まず,タンパク質コーディングエキソン1,2,3を含むゲノムDNAについて,プライマー対(CACCCACGGACGCACGGCCCGAGGGCGGGG(配列番号29)とGGGGGTTGCTTTTGTTCTTCCA(配列番号30))を用いてPCR増幅した。

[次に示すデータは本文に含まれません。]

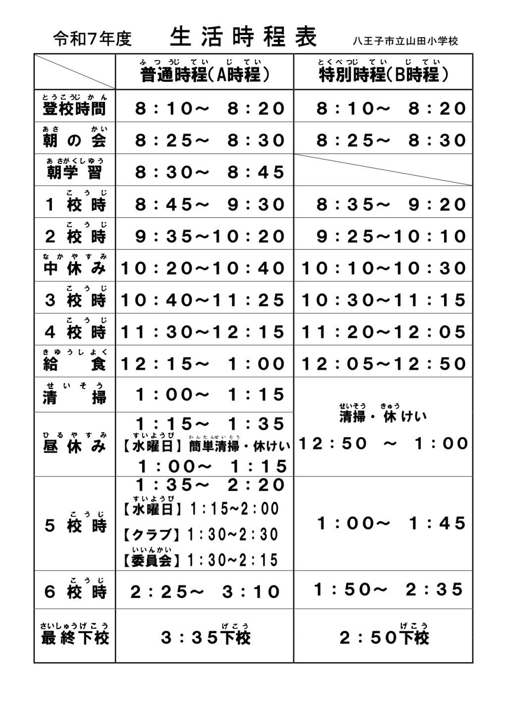 | 朝の会 | 8:25 | 〜 | 8:30 | 8:25 | ~ | 8:30 | |
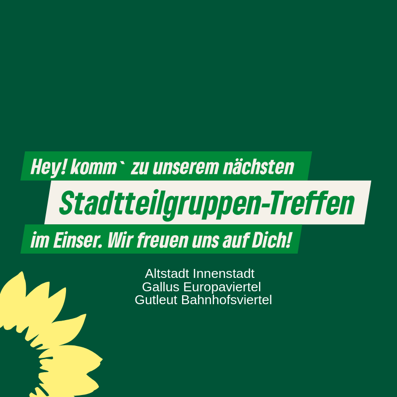 Unser nächstes Stadtteilgruppentreffen findet am Montag, den 28.7. um 19 Uhr im Saalbau Gallus statt (Wilhelm Derlam-Raum). Auf dem Programm steht Folgendes:
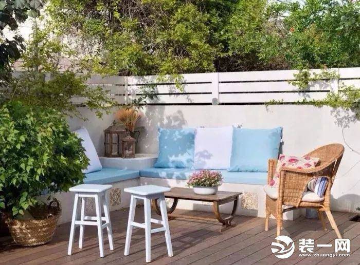 现在新型地砖也占据大部分市场,它的外表具有防液体渗透的排水表面结构,雨水及污垢可以迅速消退,就算是多雨的季节,露台地面也能够干爽整洁,卫生和装饰效果良好。而且新型地砖符合环保要求,不会对人体有害。地中海式的装修露台选用新型地砖陪白色家具,素净美好。往往大面积的露台选择地砖的可能性大,顶楼的露台视野更好,空气更清新,白色中添加一抹绿更加显得生机勃勃。
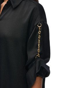 Chain shirt dress crafted in medium-weight silk satin. - Relaxed fit - Short length - Removable donut chains at the sleeves - Classic collar - Long sleeves - Buttoned cuffs - Concealed button front fastening - Wide box pleat at the back Details - Colour: Black - Main material: Silk - Weight: 0.4 kg - Model ID: S359Y09XDB - Made in: Italy
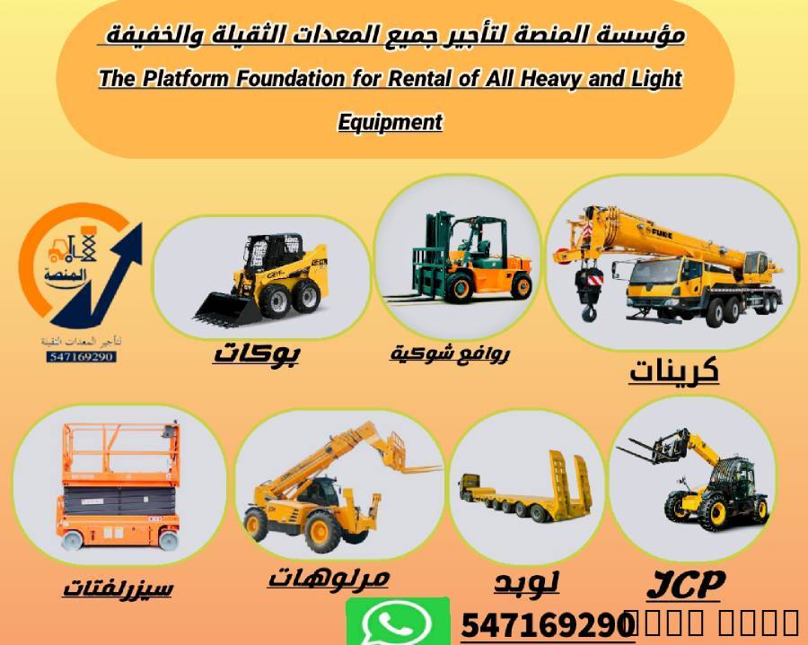 المنصة الذكية لتأجير المعدات – الرياضنخدم مشاريعك بأحدث المعدات الثقيلة والخفيفة، جاهزة للتشغيل وبأعلى مستوى من النظافة والصيانة.  رافعات شوكية: مثالية لتحميل وتفريغ البضائع داخل المواقع والمستودعات بكفاءة وسرعة.  سيزرلفت: منصة رفع مستقرة وآمنة، تتيح تنفيذ أعمال التشطيب والتركيب في الارتفاعات.  مان لفت: وصول مباشر وسريع لأعمال الصيانة والإنشاءات في الأماكن المرتفعة.تأجير يومي وأسبوعي – خدمة احترافية – معدات جاهزة  للتواصل عبر واتساب فقط: 0547169290
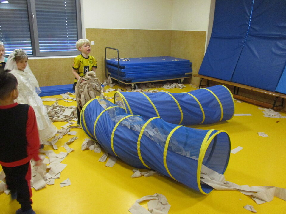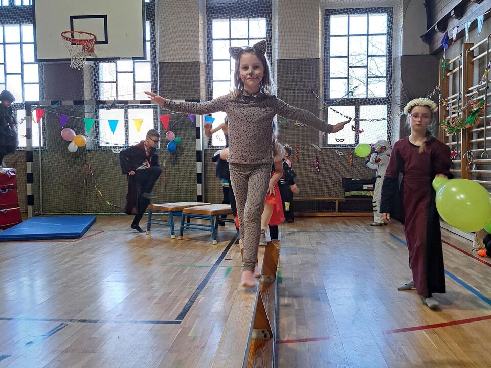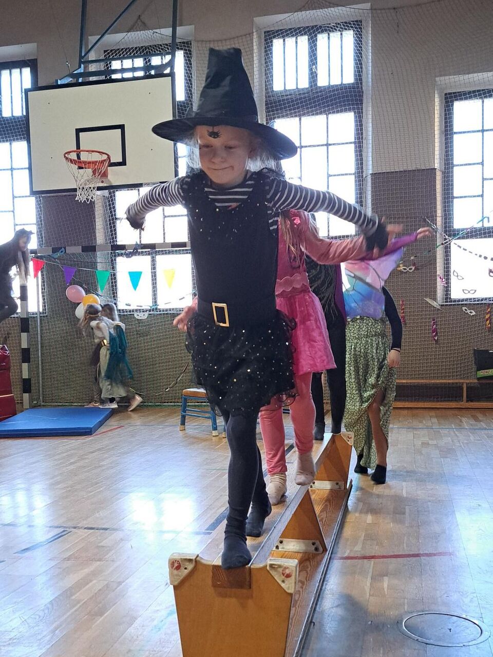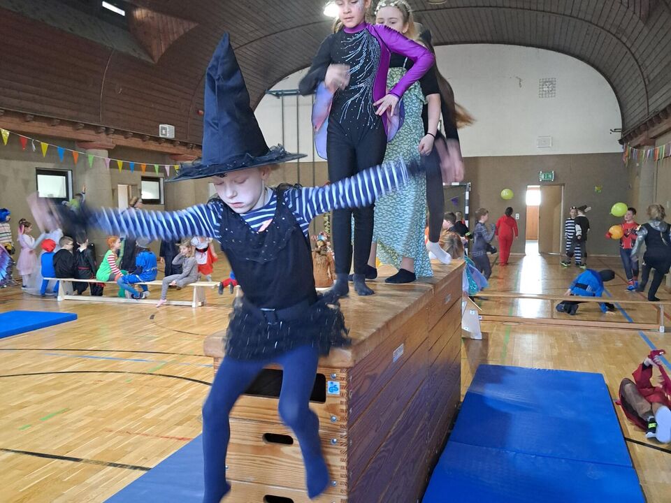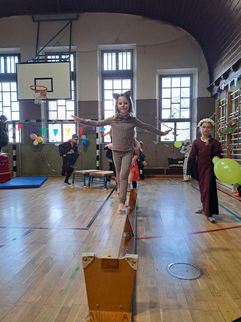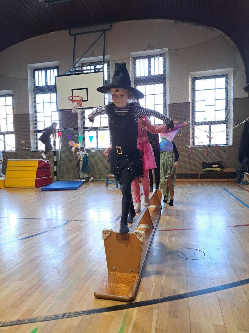 Auch bei unseren Größten, den Hortkindern stand heute das Ferienprogramm ganz im Sinne des Faschingsdienstages. Gemeinsam liefen wir kostümiert in die nahegelegene Sporthalle der Sahnschule in Crimmitschau, in der dann die Faschingsparty steigen sollte. Dort konnten die Kinder sich durch einen Parcour balancieren, klettern und springen oder sich auf unserer großen Tanzfläche bewegen. Und was darf da nicht fehlen?!
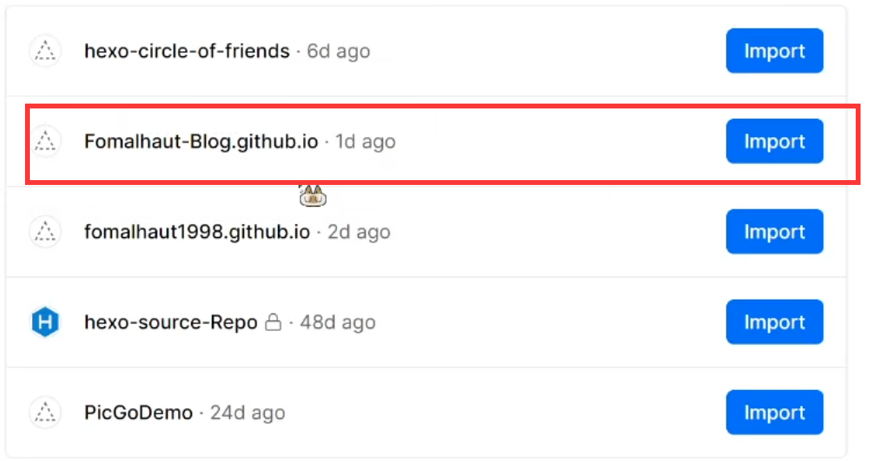 Add New Project创建新的项目,之后导入选项那里选择Continue with Github,这时候应该能看到你Github账号的仓库,选择你刚刚部署成功的存储静态博客的仓库<username>.github.io右边的Import选项,表示你要导入该仓库。 - 起一个只能有字母、数字或者或者连字符的项目名称,然后其他默认,点击
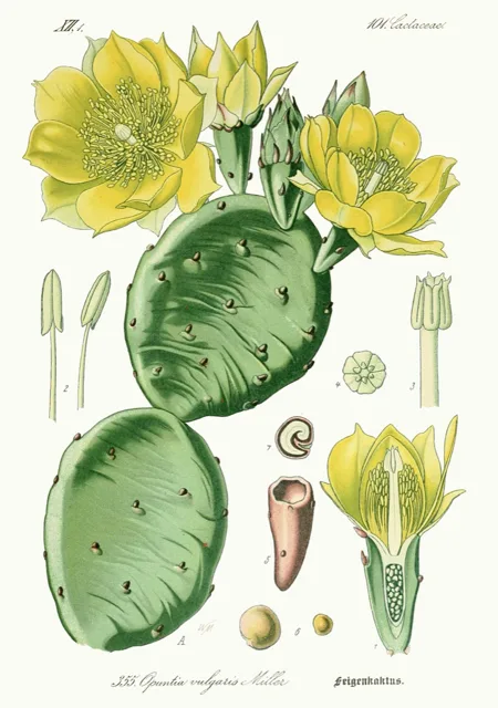 Los frutos, conocidos comúnmente como tunas, son bayas carnosas de forma ovoide que varían en color desde el verde hasta el rojo intenso o púrpura, conteniendo numerosas semillas pequeñas, duras y de color oscuro. El sistema radicular es superficial pero extenso, lo que le permite captar rápidamente la humedad de lluvias ligeras. Esta planta prospera en climas áridos y semiáridos, encontrándose en regiones de gran altitud, desde el nivel del mar hasta los 3500 metros sobre el nivel del mar en zonas de costa y montaña.
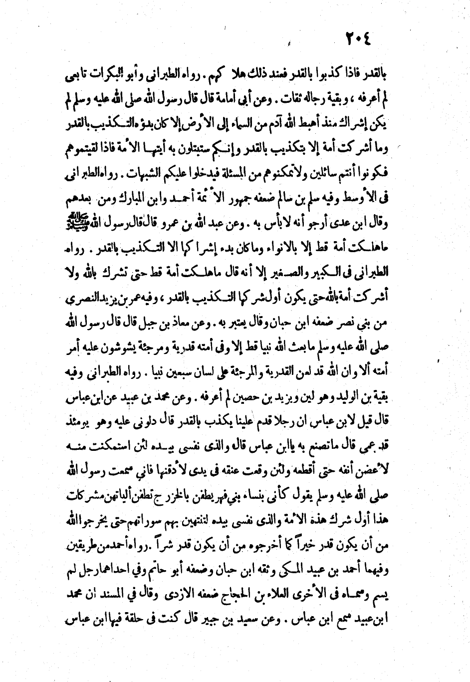 رَوَاهُ الطَّبَرَانِيُّ فِي الْكَبِيرِ وَالصَّغِيرِ، إِلَّا أَنَّهُ قَالَ: " «مَا هَلَكَتْ أُمَّةٌ قَطُّ حَتَّى تُشْرِكَ بِاللَّهِ، وَلَا أَشْرَكَتْ أُمَّةٌ بِاللَّهِ حَتَّى يَكُونَ أَوَّلُ شِرْكِهَا التَّكْذِيبَ بِالْقَدَرِ» ".
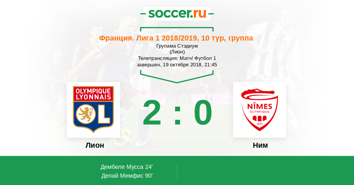 Протокол матча Лион против Ним
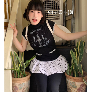运动芭蕾风波点蓬蓬小短裙屁帘双层蕾丝裙帘裤 饰裙帘遮臀百搭 子装
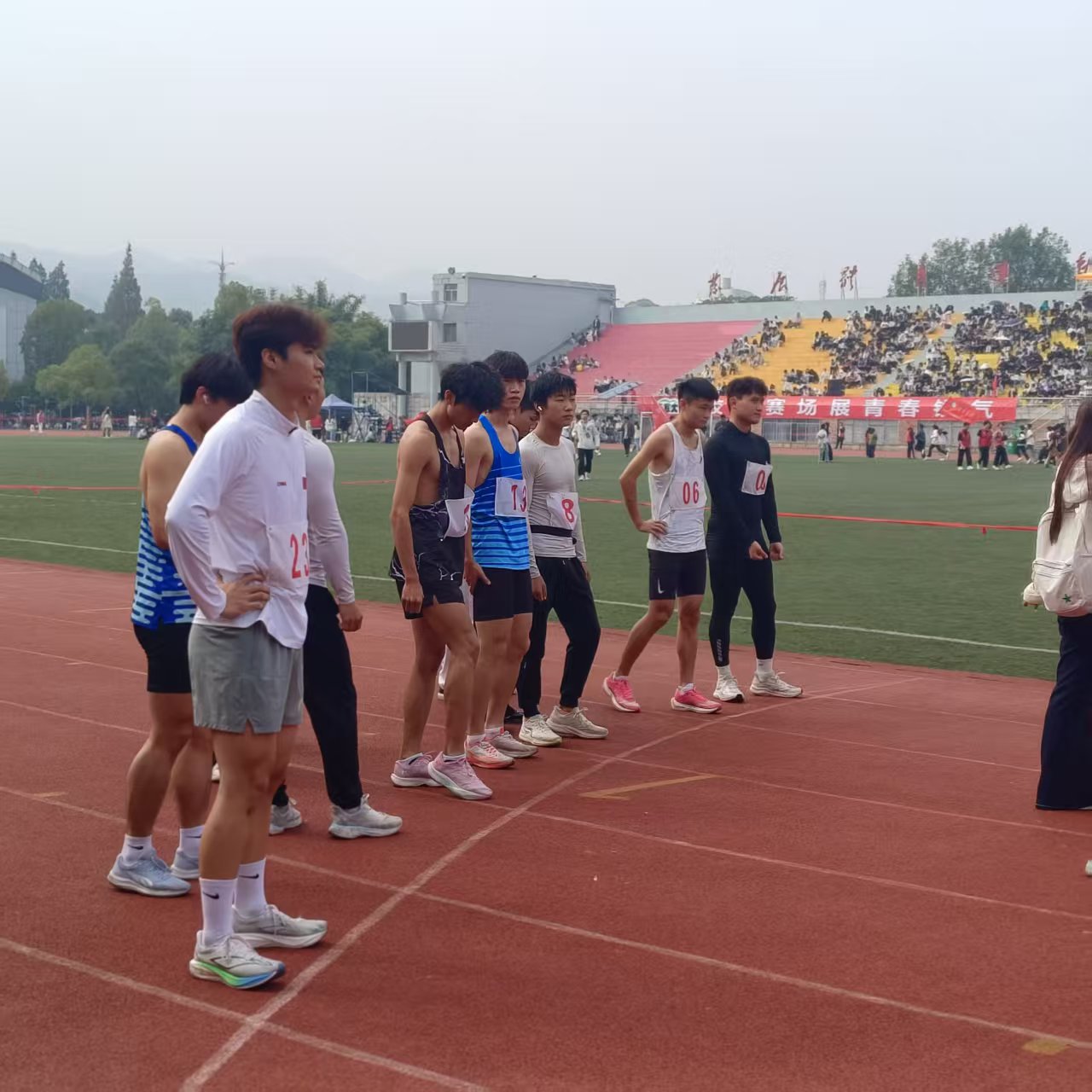 最后一圈铃声划破赛场,领先的运动员双目圆睁,奋力摆臂冲刺;身后的运动员虽面色潮红,仍咬牙紧追。冲线瞬间,全场掌声雷动。
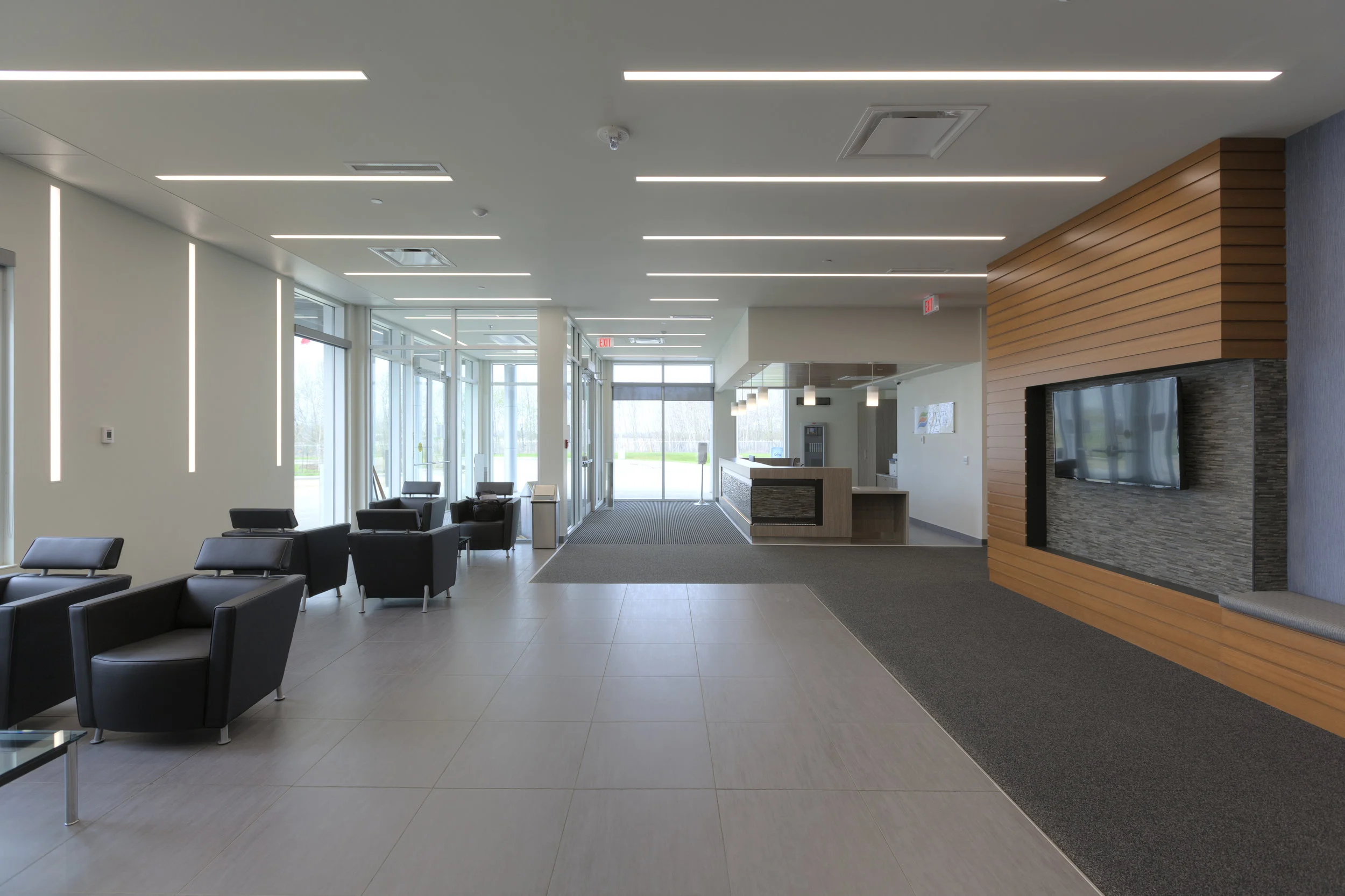 The Control and Administration building includes a large reception and waiting area, open and closed concept office spaces, meeting rooms and board rooms with views of the site, multiple kitchens including a dining hall, and a high tech control room. The Fire Hall and Maintenance building houses multiple bays for vehicle storage and maintenance, as well as office and training spaces.

次に,タンパク質コーディングエキソン1,2,3それぞれを表1に示すプライマー(aとb、cとd、eとf)を用いてPCR増幅した。
得られたPCR産物の混合物を鋳型として,表1と
図2に示すプライマー(aとf)を用いてPCR増幅し,成熟型または安定型(N末端側短縮)ウシFGF4タンパク質コードDNAを得た(
図4 ウシFGF4タンパク質コードDNAのアガロースゲル電気泳動像)。該DNAを鋳型として,制限酵素切断部位(フォワード側にNdeI,リバース側にEcoRI)を付加したプライマー(表1)を用い,ウシ成熟型FGF4タンパク質コードDNAおよびN末端側短縮ウシFGF4(L
55-L
206)タンパク質コードDNAをPCR増幅した。
【0031】
【表1】
【0032】
2.ブタ成熟型FGF4およびN末端側短縮ブタFGF4(L
55-L
206)をコードするDNAの製造
ウシ成熟型FGF4タンパク質コードDNAを鋳型として用い,ブタFGF4に対応する塩基置換を導入したプライマー(表2)を用いてPCR増幅することにより,ブタ成熟型またはN末端側短縮型FGF4タンパク質コードDNAを製造した(
図3)。
【0033】
【表2】
【0034】
具体的には、ウシ成熟型FGF4タンパク質コードDNAを鋳型として,制限酵素切断部位(フォワード側にNdeI,リバース側にEcoRI)を付加したプライマー(表2,
図4)を用い,ブタ成熟型FGF4タンパク質コードDNAおよびN末端側短縮ブタFGF4(L
55-L
206)タンパク質コードDNAをPCR増幅した(
図5)。a,bを用いたPCRを行い、その産物を鋳型にしてプライマーa,cを用いたPCRを行った。
【0035】
なお、ブタFGF4コード遺伝子はゲノムDNAを鋳型にして表2と表3のプライマーを用いて、ウシFGF4と同様にして得ることもできる。その場合,プライマー対(GGCCACTGAAAGAGAGGTGGAGAAGG(配列番号31)とCAATAACTTTGCCCGATGATGAATGTCAAG(配列番号32))を用いてタンパク質コーディングエキソン1,2,3を含むゲノムDNAをPCR増幅後,このPCR産物を鋳型にすることにより,なお確実に得ることができる。
【0036】
【表3】
エキソン1は,表2のプライマーa 成熟型(NdeI/pFGF4 (94-123) F:配列番号21)または安定型(NdeI(163-182)配列番号22)と表3のプライマー2(配列番号26)の組み合わせ。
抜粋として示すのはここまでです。